市販の中華麺で再現した上越市のホワイト焼きそば
市販の中華麺で再現した上越市のホワイト焼きそば

 上越市のご当地グルメとして15年ほど前に誕生した「ホワイト焼きそば」。全国的なB級グルメ人気を背景にデビューし、地域活性化につなげようと関係者の期待も大きかった。ところが市民から最近「見なくなった」との声を聞いた。上越地域では糸魚川市のブラック、妙高市のレッドと合わせ3色の焼きそばとしても注目を集めた。白いソースがかかった焼きそばはもう食べられないのか。関係者に話を聞いた。(上越支社・三岡東之)

 ホワイト焼きそばは、米粉を活用する市の事業として、飲食店組合の有志らが米粉入りの麺を作り、2011年に完成した。推進活動に携わった桑原尚二さん(60)は「雪のイメージや、上杉謙信が白い頭巾をかぶっているなどから、ホワイトに決まった」と経緯を説明する。

 ホワイト焼きそばは、上越産コシヒカリの米粉30%入りの麺、上越の食材を使った具材、見た目は雪やコメをイメージした白色-などが条件。味付けや食材は自由で、約30店舗で販売をスタートさせた。野菜やキノコなどを具材に牛乳でコクを加えたあんや、隠し味に魚しょうで味付けするなど各店が工夫を凝らした。
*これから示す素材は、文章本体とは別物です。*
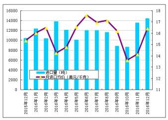 圖1 2015年12月-2016年12月多晶硅進(jìn)口量及進(jìn)口均價示意圖 數(shù)據(jù)來源:海關(guān)

 市内外のイベントに出店しPRしたほか、15年の北陸新幹線開業に向けて、上越市の魅力を伝える新しい食として話題にもなった。しかし、米粉入りの麺は特注でコストがかかり、提供店舗は減少。店自体の閉店もあり、現在取り扱う店はなくなった。イベントでは今春の高田城址(じょうし)公園観桜会で出店したが、今後の予定はないという。桑原さんは「新幹線開業までを一つの目標として取り組んだが、なくなったのは仕方がない」と話す。

▽糸魚川の「ブラック」、妙高の「レッド」は健在

 一方、糸魚川のブラックと妙高のレッドは現在も、それぞれの地域で提供されている。

 ブラック焼きそばは、...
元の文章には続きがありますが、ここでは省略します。